The collection consists of extensive corporate records such as meeting minutes, agendas, payroll records, stock transfer records, high grade crossing certificates, real estate/property transactions, pensions and retirements, journals, ledgers and accounts, employee time-books and personnel files, office correspondence, auditor's reports, tax returns, inspection and repair reports, photographs, blueprints and oversized maps. More detailed information about the collection is found in the following series descriptions.

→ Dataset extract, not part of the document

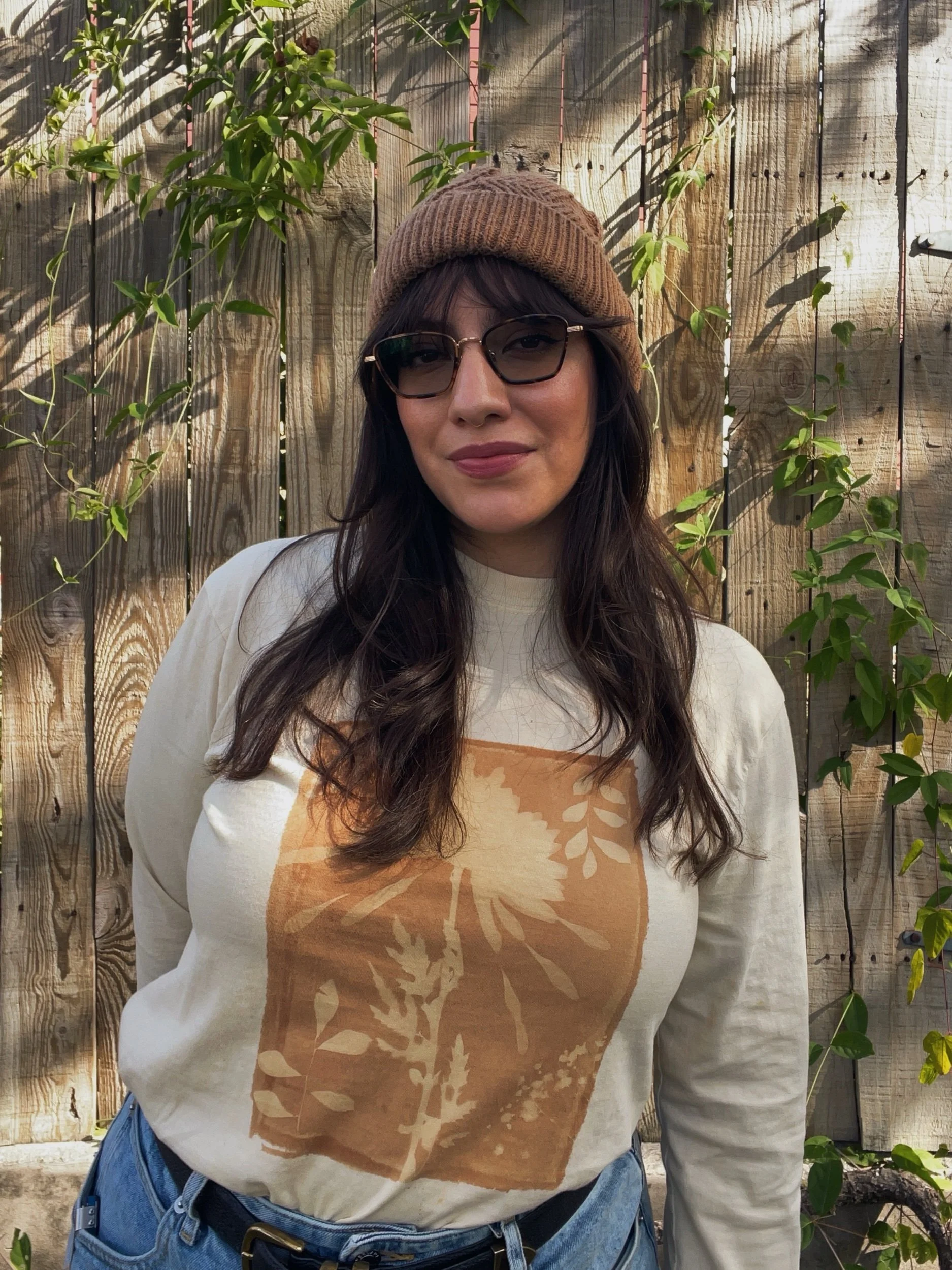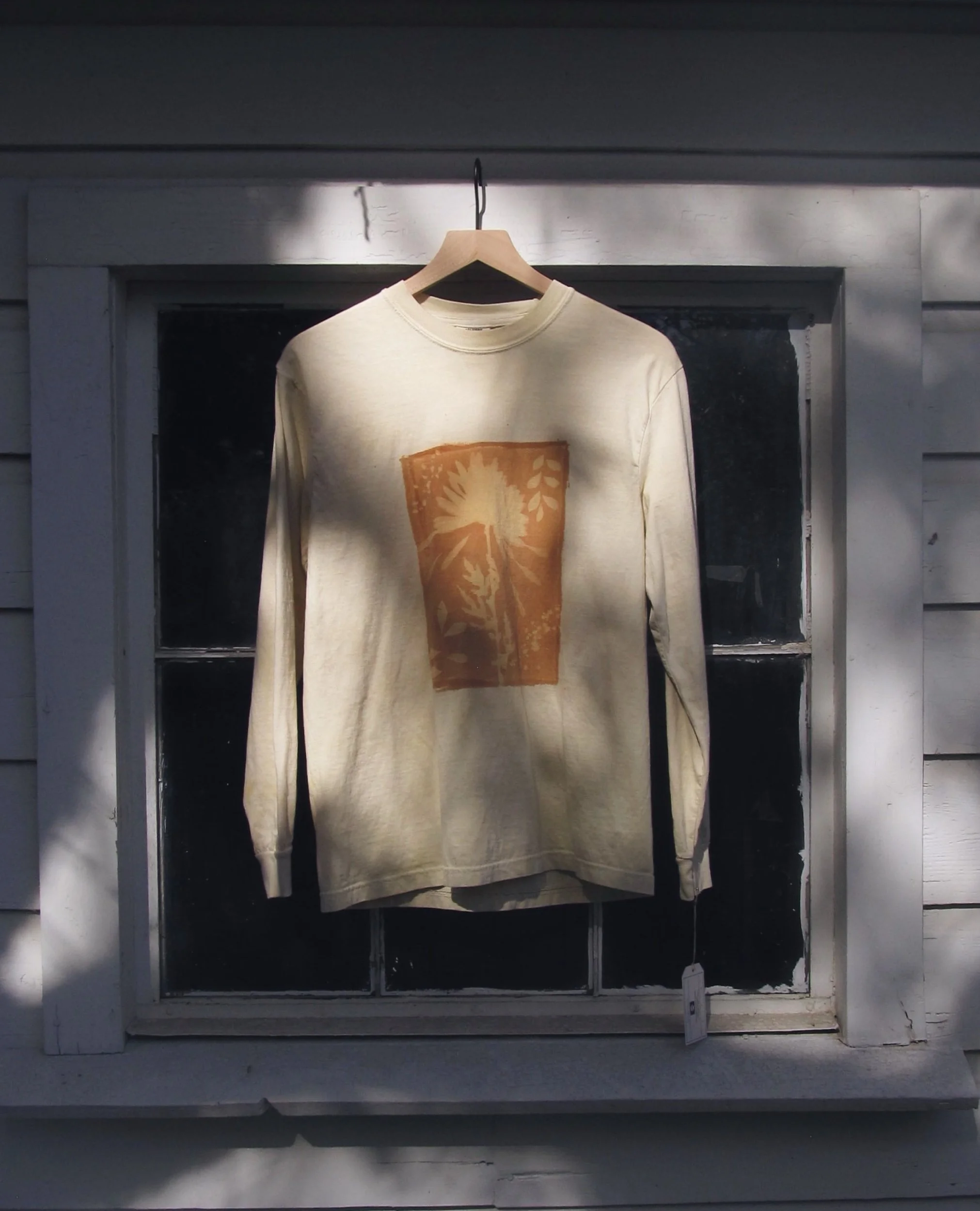 Sun printed on comfort colors long sleeve. Unique floral impresssion on sunnier days. Available in toned tanned on cream color shirt.

Subgroup A: Executive office records

Material in this subgroup is arranged into the following nine series:

Series 1. Board of directors

Board of directors is comprised of the agendas and minutes of the meetings of the board. The agendas and minutes document the organization and dissolution of the Bellefonte Central Railroad Company, and discuss the company's day to day business, including the conditions of the road and equipment, employee matters, operations, and finances. In addition to the Bellefonte Central minutes and agendas, the series contains minutes, correspondence, and agreements concerning the Buffalo Run, Bellefonte & Bald Eagle Railroad Company, the Bellefonte Central Transportation Company, and correspondence regarding agreements and disputes with other companies.

Series 2. General manager

General manager consists of the general manager's files and correspondence arranged chronologically. It includes correspondence of managers, Francis H. Thomas, Van S. Jodon, J. O. Talbot, George E. McClellan, and H.R. Ammerman. The general managers corresponded with other executive officers of the BFC and others including: clients, such as Chemical Lime Company; other railroad companies, such as the Pennsylvania Railroad Company and Susquehanna River and Western Railroad Company; vendors of railroad and office supplies; lawyers; government agencies, such as the Pennsylvania Department of Labor, Interstate Commerce Commission, Pennsylvania Public Service Commission; organizations, such as the American Short Line Railroad Association and the American Railway Association.

The correspondence covers a wide range of topics including Railroad Mail Service, legal matters, bills, accounts, insurance, leasing and purchasing of land (right of way, wire crossing), maintenance of equipment and roads, freight rates, accidents, damage and vandalism to property, crossing signals, and requests for information from publications like Railroad Age, World Railways requests for souvenirs like passes from railroad enthusiasts. The general manager's files include reports, bylaws, account records, freight rate agreements, leases and other documents concerning the day to day operations of the railroad.

This series illustrates the rise of railroad enthusiast as there are several letters to the general manager asking for old employees' timetables, passes, and passenger tickets as souvenirs. National Railway Historical Society requested any unneeded photographs. This series also shows the company's ties to Penn State and local communities as illustrated in the local Cub Scout Pack #33 visit to the railroad's shops. In addition, its workings were studied by several engineering and business classes.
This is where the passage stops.